Kew says AI digitization can save plants, pull genetic data from 180-year-old fungi
Royal Botanic Gardens, Kew argues AI and online specimen access could turn extinction triage into genomic discovery.

Royal Botanic Gardens, Kew says the rise of AI and digitisation is changing how botanists identify and save vital plants as extinction pressures mount. The report highlights tracking shifts in flowering times, rapid specimen identification, and extracting crucial genetic data from 180-year-old fungus specimens.
Royal Botanic Gardens, Kew is essentially betting that AI and digitisation can become a new kind of lifeline in the “race against extinction” facing botanists. In a major report, Kew argues that technology can help scientists track how flowering times have shifted by weeks around the world, rapidly identify new specimens, and even pull crucial genetic data from 180-year-old fungus specimens. That last part is not trivia. Getting genetic information from centuries-old fungi matters because fungi are foundational to ecosystems, and it could unlock what the report calls a “genomic goldmine”.
This is the core play: the rise of AI and digitisation is being positioned as a turning point for conservation work that used to be slow, fragmented, and constrained by access. Kew frames the urgency as time running out for vital plants before they vanish, and then points to new capabilities that could compress the time between discovery and action. Instead of waiting for physical access to collections, digitisation and online access to millions of specimens allow scientists to work from archives that were previously hard to reach. The report also notes that this is producing new insights “especially in the global south,” which is significant for leaders thinking about how conservation value gets created and where expertise can scale.
If you zoom out, the story is about turning biology into searchable data. Botanists, conservation teams, and research institutions typically rely on specimens and field observations, but those are distributed across time, geography, and physical storage. Digitisation changes the workflow. When millions of specimens become available online, the bottleneck shifts from “can we access the sample?” to “can we interpret it fast and correctly?” That is where AI enters the picture, with the promise of rapid identification and analysis. In practical terms, the report highlights rapid identification of new specimens and the ability to track flowering-time shifts by weeks globally, suggesting that AI-enabled pattern recognition and data linking could help scientists detect ecological change earlier than traditional methods alone.
The 180-year-old fungus detail is also a reminder that conservation science is not only about what is happening now, but what can still be learned from the past. The report says scientists can get crucial genetic data from 180-year-old fungus specimens. That matters because it converts dormant institutional assets, like old archived material, into active research inputs.
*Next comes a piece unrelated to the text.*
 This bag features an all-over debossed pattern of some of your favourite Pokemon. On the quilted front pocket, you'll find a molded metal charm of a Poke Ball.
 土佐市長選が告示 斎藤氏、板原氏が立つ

If leaders in biotech, life sciences, and data platforms are watching, this is a preview of how AI can increase the value of existing biological collections, not just generate new lab work. More data, especially genomic data, can improve classification, support ecosystem monitoring, and potentially strengthen conservation decisions.
There is also a strategic implication for governance and accountability, even if the report itself is focused on science. Digitisation and AI depend on data quality, provenance, and access. When millions of specimens move online, institutions must decide how to manage metadata, standardize records, and ensure that researchers can trust what the data represents. For decision-makers, that intersects with a familiar set of operational questions: Who maintains the digitized collection? Who updates taxonomies when classifications change? How do institutions handle rights, access, and collaboration, especially across regions? Kew’s mention of new insights especially in the global south hints at a distribution effect, where digitisation can reduce barriers and broaden who can participate in discovery.
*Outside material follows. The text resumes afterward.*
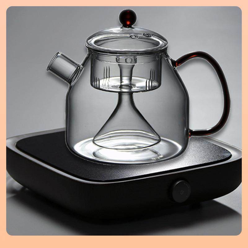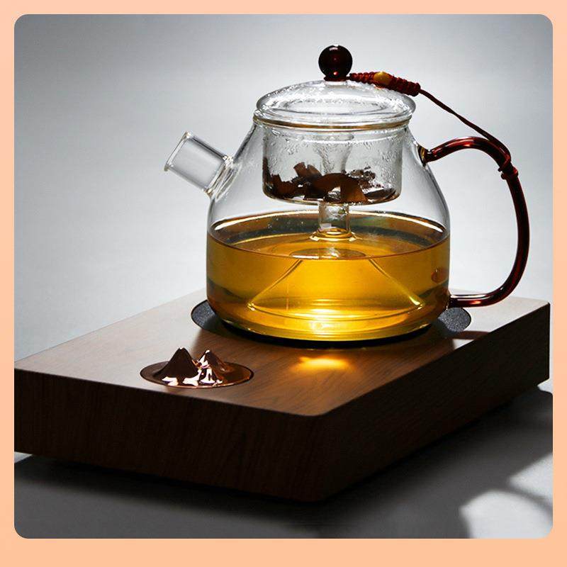 9QXC电陶炉茶炉玻璃蒸汽煮茶器黑茶煮茶壶普洱茶具套装 烧水蒸茶壶

Regulatory framing is another second-order factor. Conservation policies often depend on evidence, and evidence increasingly comes from measurable biological signals: shifts in flowering time, species identification, and genetic relationships. When AI helps detect patterns sooner and extract genetic data from historical specimens, it potentially changes the evidence timeline that regulators and conservation bodies respond to. That is not a claim that any specific regulation is being updated in the source, but it is a logical consequence of how modern decision-making works: faster, richer data can strengthen the case for interventions, and it can also make policy cycles more responsive.
For executives and boards, the stake is not only scientific. It is reputation, partnership power, and budget efficiency. Conservation work competes for funding, and technology that can compress cycles from identification to genetic characterization can reshape spending priorities. Kew’s report positions AI and digitisation as a turning point, which means the organizations that build or support these digitisation pipelines may gain influence across research networks. The strategic question for similar decision-makers is straightforward: if digitised specimen repositories and AI-enabled analysis are becoming the infrastructure for conservation science, how prepared are you to collaborate, invest, or integrate? The “race against extinction” is urgent, but the report’s message is that urgency can be met with infrastructure, not just field labor and goodwill.